R_{t} = \frac{{DN}_{o} - {DN}_{d}}{{DN}_{w} - {DN}_{d}} \times R_{w}

(1)

where R_t is the reflectance of the target; DN_o is the DN value of the original hyperspectral image; DN_d is the DN value of the dark current; DN_w is the DN value of the white Teflon standard; and R_w is the reflectance of the white Teflon standard.

2. Image masking. Pixels with a difference of more than 0.5 between the absorbance values at 1,300 and 1,450 nm were set as the foreground, and the remaining pixels were masked.

3. Noise reduction. Pixels with a value greater than ±2 SDs of the mean spectrum were removed.

4. Reflectance averaging. The remaining pixels after masking and noise reduction were averaged for subsequent statistical analysis.

GPC measurement

After spectral data collection, the grains were milled into rice flour, and the samples were preprocessed by HClO₄-H₂SO₄ digestion. Then, the total N in the grain (%) was determined using the semimicro Kjeldahl method [34] and a SEAL AutoAnalyzer 3 HR (SEAL Analytical Ltd., Germany). GPC was determined to be 5.82 times greater than the total N in the grain [20,35].

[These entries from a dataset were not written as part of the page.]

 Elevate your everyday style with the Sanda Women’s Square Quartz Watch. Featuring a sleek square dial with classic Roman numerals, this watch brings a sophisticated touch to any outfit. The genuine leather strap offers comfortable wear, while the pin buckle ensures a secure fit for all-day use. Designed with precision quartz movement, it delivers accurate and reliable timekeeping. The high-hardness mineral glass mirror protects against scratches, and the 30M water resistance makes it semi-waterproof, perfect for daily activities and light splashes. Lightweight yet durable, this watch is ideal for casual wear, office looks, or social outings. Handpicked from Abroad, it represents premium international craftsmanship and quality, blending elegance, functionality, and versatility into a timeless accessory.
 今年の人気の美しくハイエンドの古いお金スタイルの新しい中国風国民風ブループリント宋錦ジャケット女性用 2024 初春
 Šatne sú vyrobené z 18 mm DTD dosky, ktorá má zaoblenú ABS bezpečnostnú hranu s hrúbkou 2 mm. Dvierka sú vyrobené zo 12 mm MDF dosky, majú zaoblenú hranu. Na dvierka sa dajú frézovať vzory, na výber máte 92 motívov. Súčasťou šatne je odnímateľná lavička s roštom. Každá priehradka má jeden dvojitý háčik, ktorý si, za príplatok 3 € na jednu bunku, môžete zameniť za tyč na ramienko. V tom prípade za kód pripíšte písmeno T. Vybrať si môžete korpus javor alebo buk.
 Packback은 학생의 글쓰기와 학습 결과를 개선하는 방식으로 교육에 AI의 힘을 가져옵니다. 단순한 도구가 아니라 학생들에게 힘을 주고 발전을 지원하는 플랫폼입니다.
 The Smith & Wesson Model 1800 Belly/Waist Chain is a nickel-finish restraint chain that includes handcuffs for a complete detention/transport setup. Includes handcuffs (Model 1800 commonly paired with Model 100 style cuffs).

Genome-wide molecular data

SNP loci data for 230 of the 276 rice varieties harvested in experiment 2 were obtained from the Institute of Germplasm Resources and Biotechnology, Jiangsu Academy of Agricultural Sciences (unpublished data). The Illumina HiSeq platform was used for the resequencing procedure. On average, 57.41 million mapped reads per sample were produced, and the sequencing depth was approximately 21.7X. The sequence of the japonica variety Nipponbare was used for reference. The fastp (https://github.com/OpenGene/fastp), bwa (http://sourceforge.net/projects/biobwa), and GATK4 (https://github.com/broadinstitute/gatk) software programs were used for resequencing data quality control, mapping, and variation calling. Admixture (http://dalexander.github.io/admixture) and TASSEL5 (https://tassel.bitbucket.io/) software were used to increase the model parameters Q and K.

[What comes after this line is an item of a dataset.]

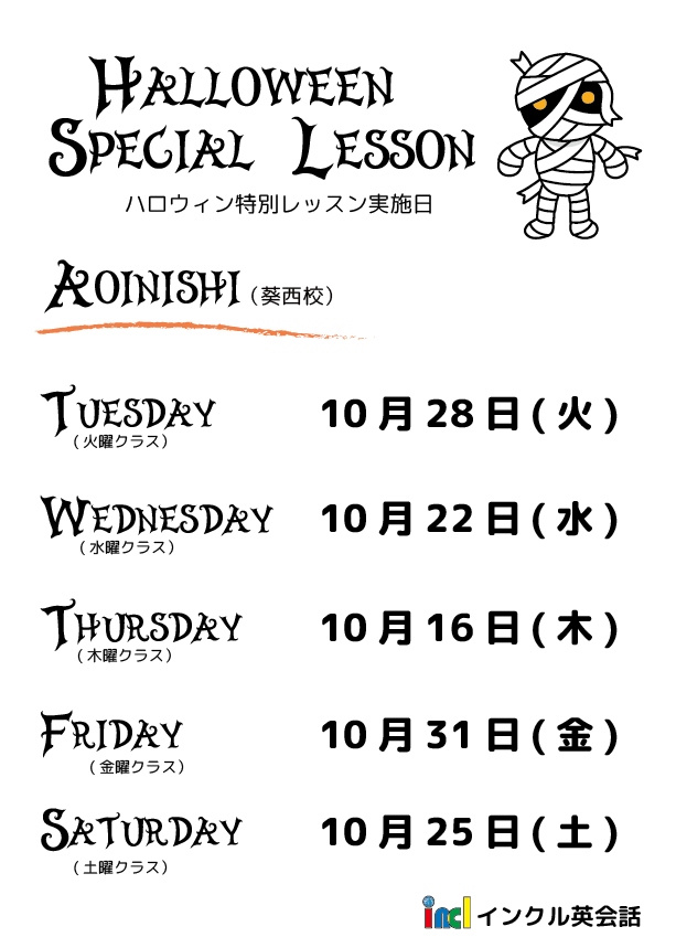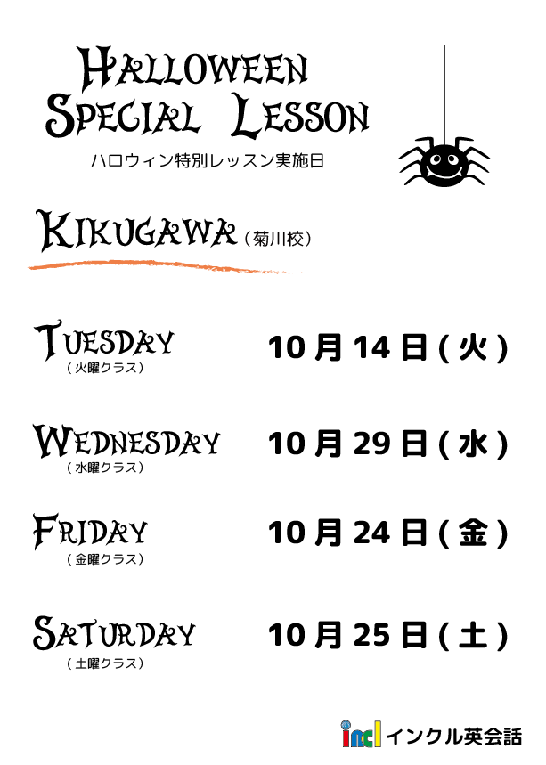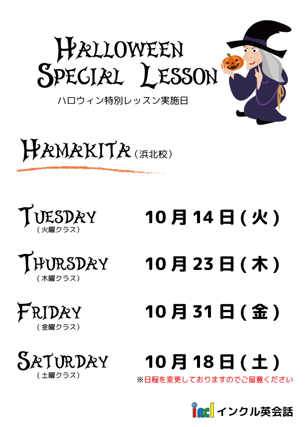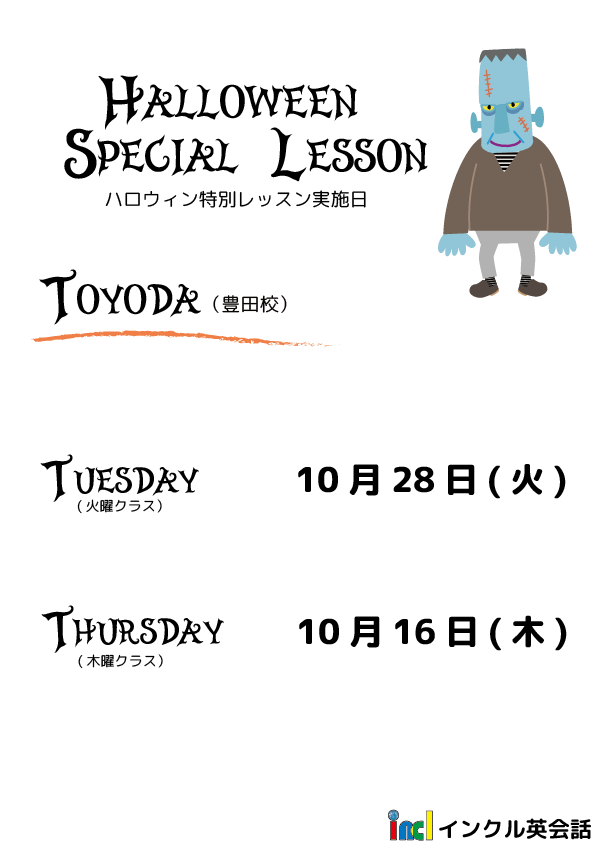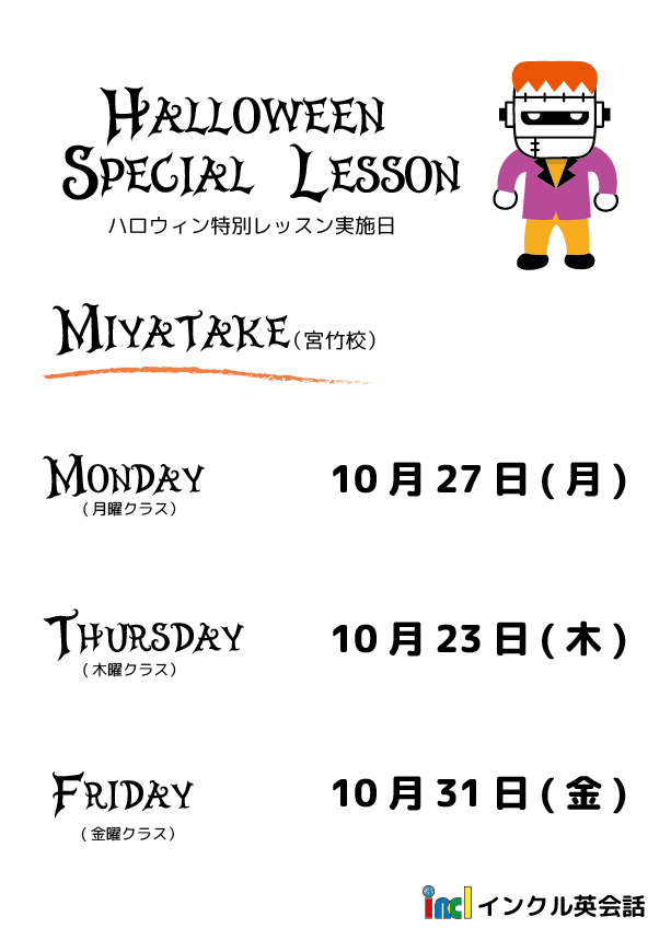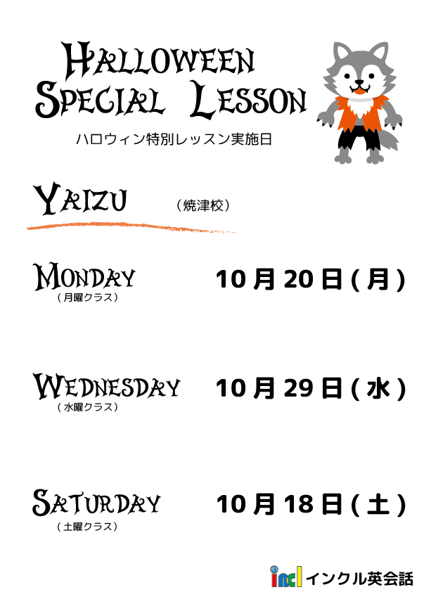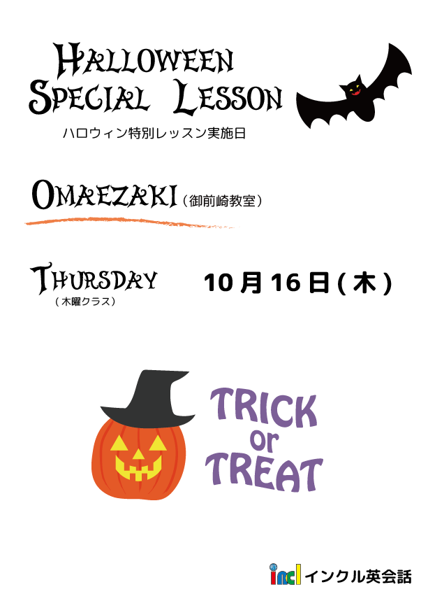 インクルでは、今年もハロウィン特別レッスンを実施します。

Plink software (version 1.9, https://www.cog-genomics.org/plink/1.9/general_usage) was used to perform quality control analysis on the SNP sites. To decrease the number of false-positive sites, the following screening conditions were used: SNP loci with a minor allele frequency > 0.05 and a call rate > 90% were retained. This resulted in 653,465 polymorphic and high-quality SNP markers being retained for subsequent analysis.

Methods

GPC estimation and GWAS workflow

The data analysis workflow is shown in Fig. 1. First, the raw dataset (rice grain spectra + GPC) was used to train the DCGAN model, and a large, simulated dataset was generated to construct an expanded training dataset. Then, CWT was used to generate features. Redundant features were eliminated using correlation analysis and recursive feature elimination, and the resulting optimal feature subset was used to construct a GPC estimation model. Finally, the results of the GWAS for the measured and estimated GPC values were compared.

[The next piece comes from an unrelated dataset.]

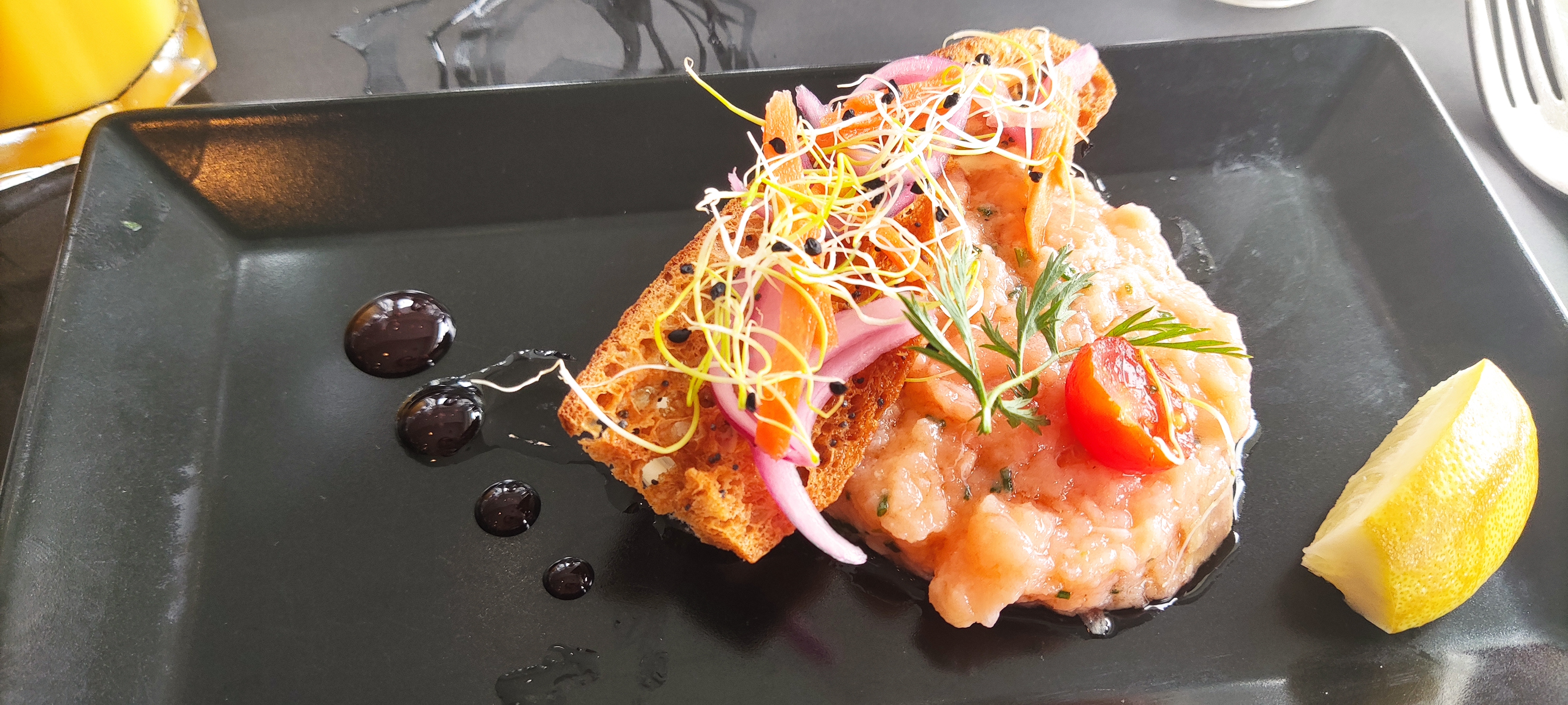 Très très bon restaurant où nous avons passé un super moment. Un bémol dommage qu'il n'y ait pas de VRAIS cocktail sans alcool au lieu de servir un simple jus de fruits sur un peu de grenadine. Nous espérons en avoir en septembre. Autrement c'est génial cuisune, service et personnel sans oublier la vue.

Data augmentation using the DCGAN

Construction of the DCGAN

We used the DCGAN to address the problem of poor parameter tuning and thereby improve the training speed and stability of our predictive models. A GAN is a deep learning model that learns the original distribution of data and generates instances similar to the original data through continuous training [36]. GANs consist of 2 main components, a generative model (G) and a discriminative model (D), which compete with each other to produce progressively better outputs. The DCGAN improves upon the GAN through modifications to the network structure [37]. Specifically, convolutional neural networks (CNNs) are used in both G and D, and the CNN structure is also improved. The simplicity of the DCGAN structure makes it easy to use with one-dimensional spectral data.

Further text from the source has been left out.